Include no pictures. Output exactly the lines from the one that contains "Um einen sorglosen" through the final line of the entries.
:: Dataset entries ::
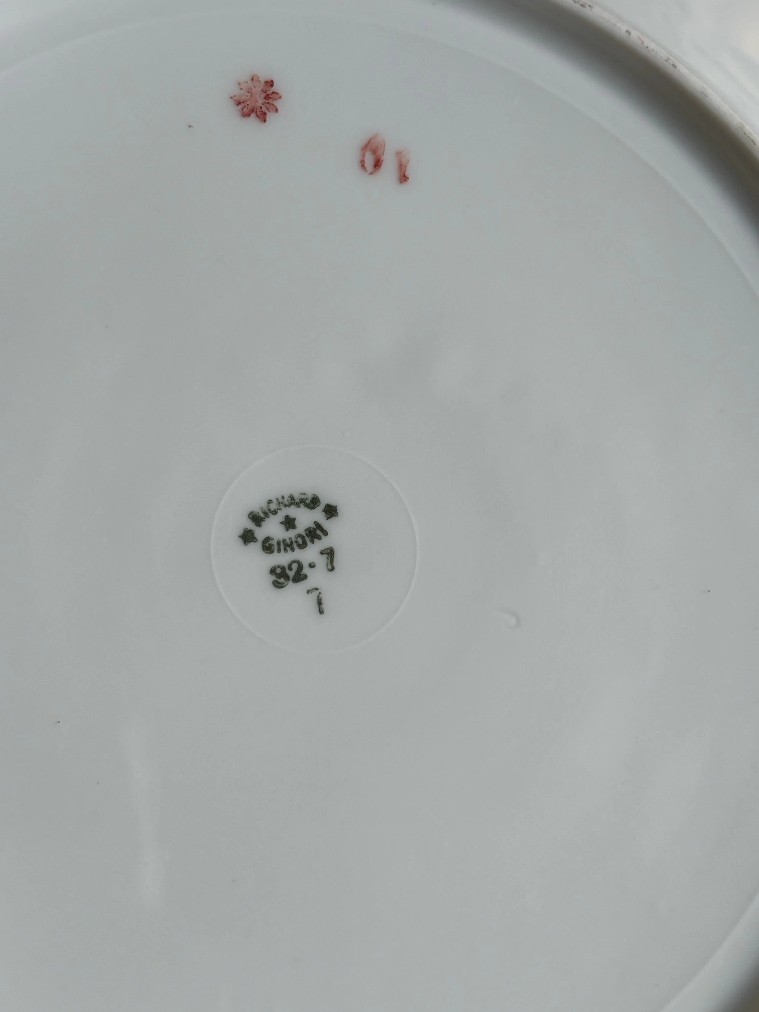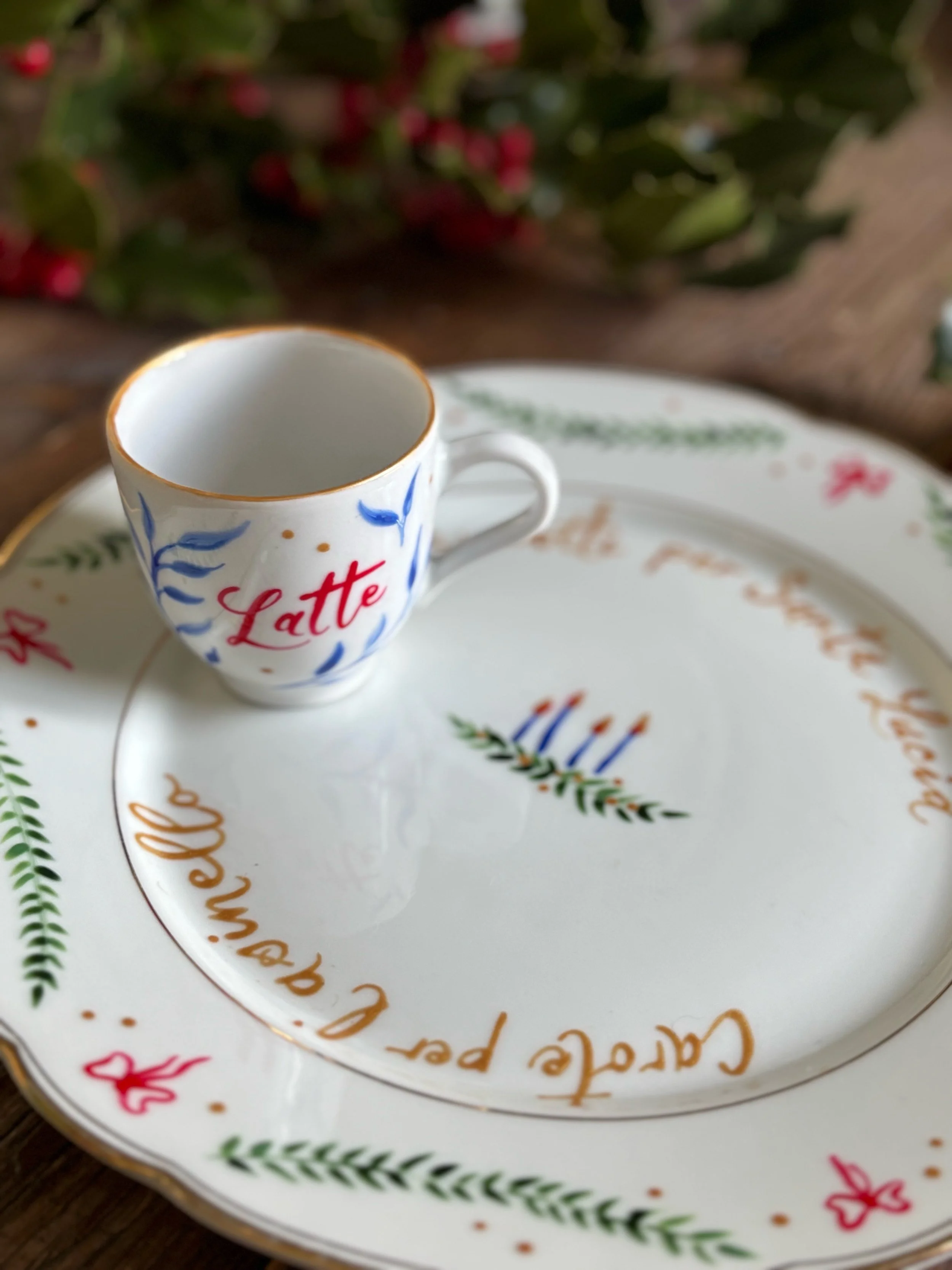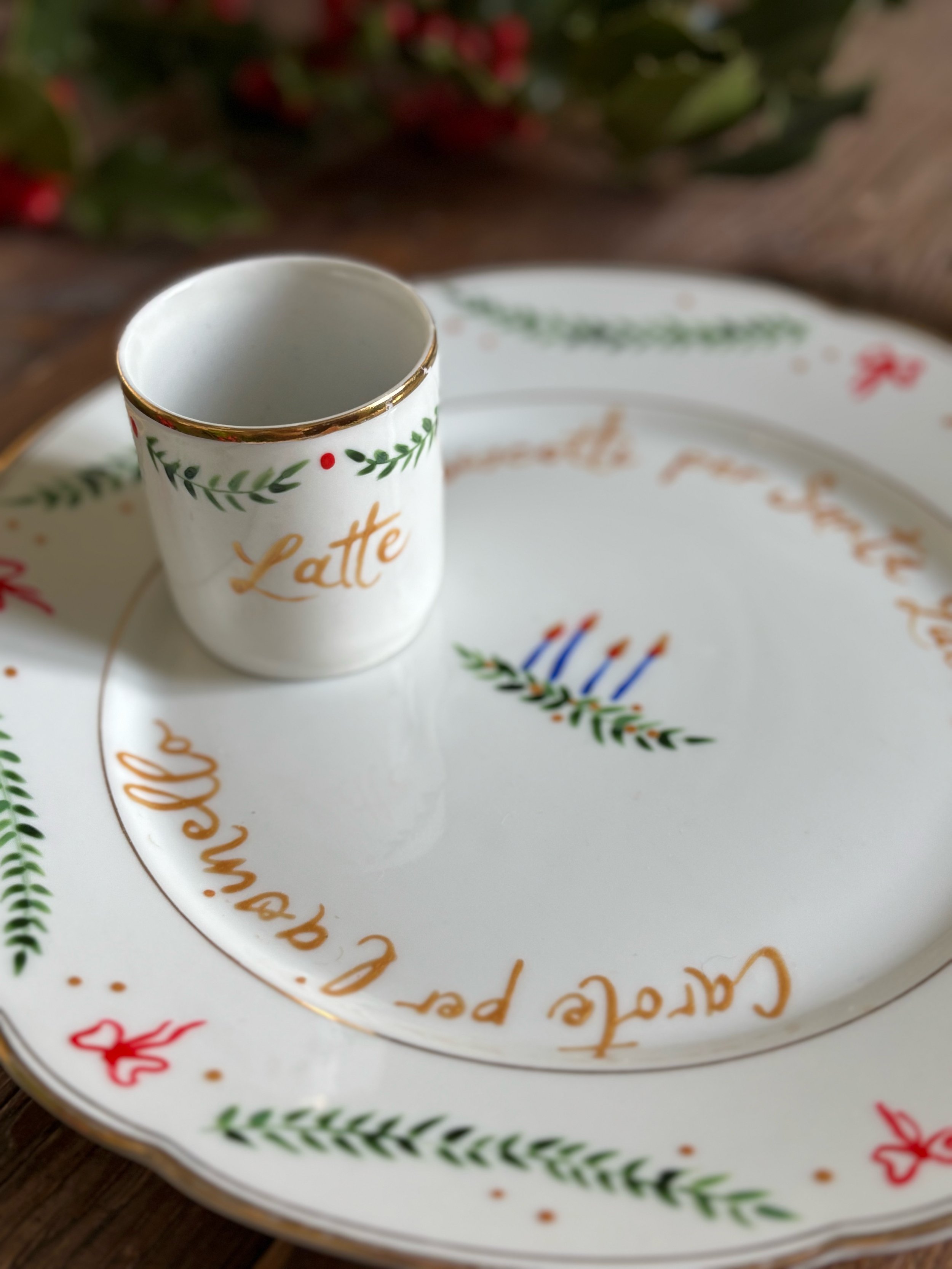 Piattino da te in porcellana dipinto a mano, marcato Table Top, made in Italy, moderno con filo oro.
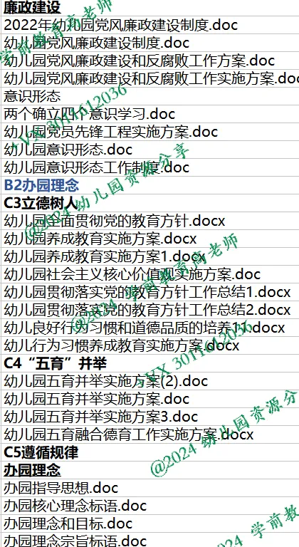 本套资料根据幼儿园督导评估办法最新细则整理而成,分A1办园方向—A2保育与安全—A3教育过程—A4环境条件—A5队伍建设—A6内部管理— A7民办园附加指标,对各观测点均有很好的体现,对幼儿园提高保育教育质量有很好的作用。@+VX 3011612036,全套1003个文档,分三级目录已经归类好。
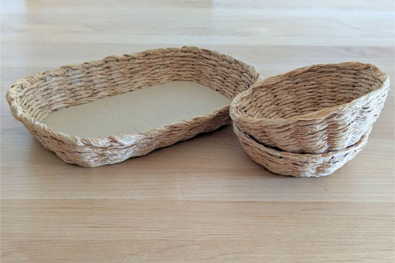 紙ひもと段ボールを使ってバスケットづくり。ごっこ遊びやインテリアにも使えます。クラフポ。
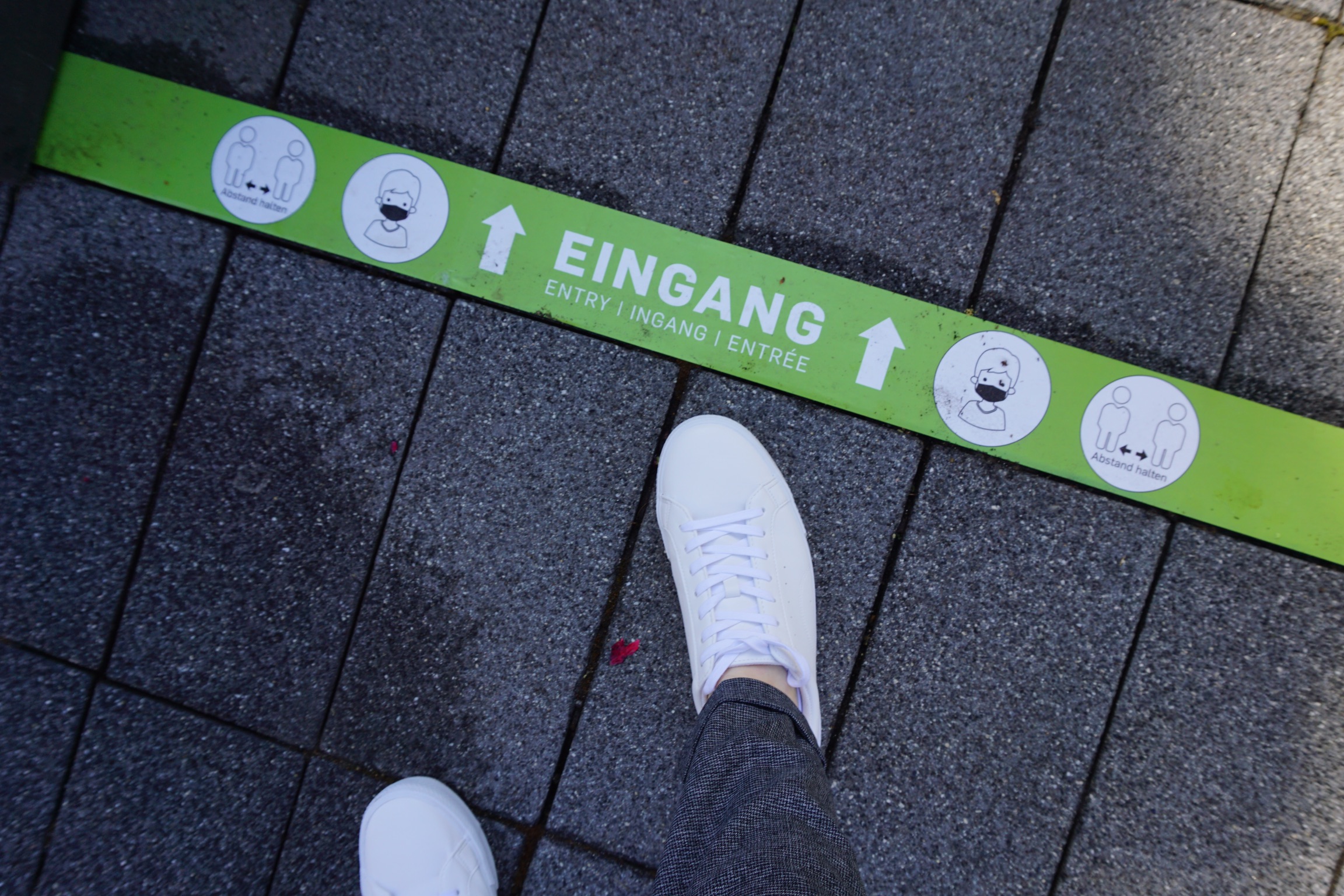 Um einen sorglosen aber vor allem auch sicheren Besuchstag zu gewährleisten, gelten selbstverständlich diverse Hygienevorschriften und Maßnahmen innerhalb des gesamten Areals. So wurden beispielsweise einheitliche Bodenaufkleber und Absperrpfosten angebracht, welche strukturiert für social distancing sorgen und sich optisch erträglich ins Gesamtbild fügen, ohne dabei die vorhandene Atmosphäre zu beeinträchtigen.
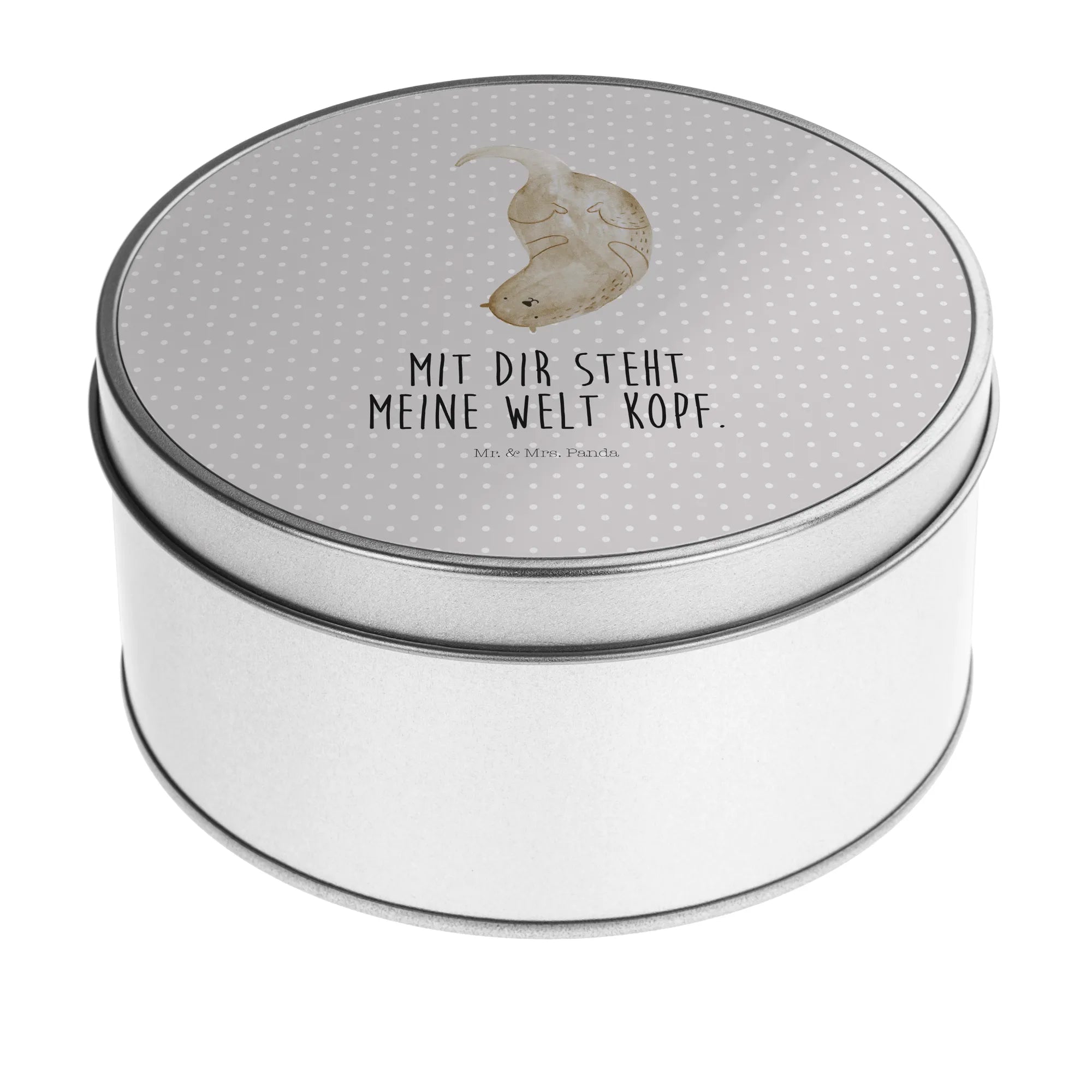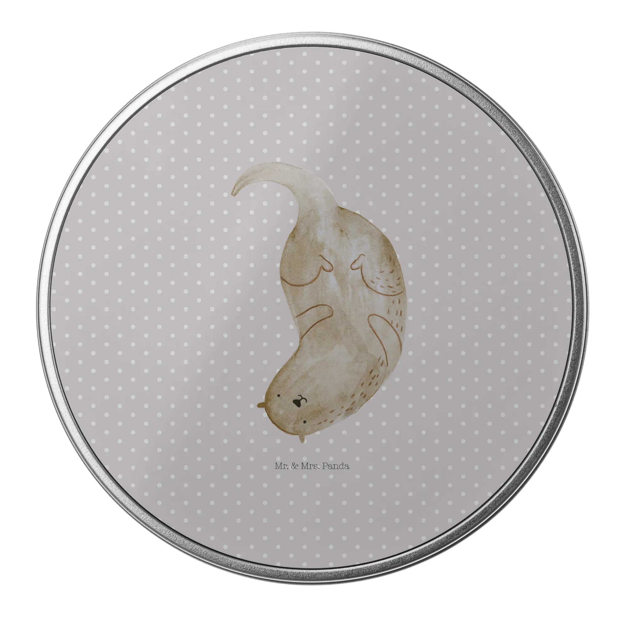 okrągła puszka z blachy wydra Do góry nogami - z napisem
:::
#### Result:
 Um einen sorglosen aber vor allem auch sicheren Besuchstag zu gewährleisten, gelten selbstverständlich diverse Hygienevorschriften und Maßnahmen innerhalb des gesamten Areals. So wurden beispielsweise einheitliche Bodenaufkleber und Absperrpfosten angebracht, welche strukturiert für social distancing sorgen und sich optisch erträglich ins Gesamtbild fügen, ohne dabei die vorhandene Atmosphäre zu beeinträchtigen.
 okrągła puszka z blachy wydra Do góry nogami - z napisem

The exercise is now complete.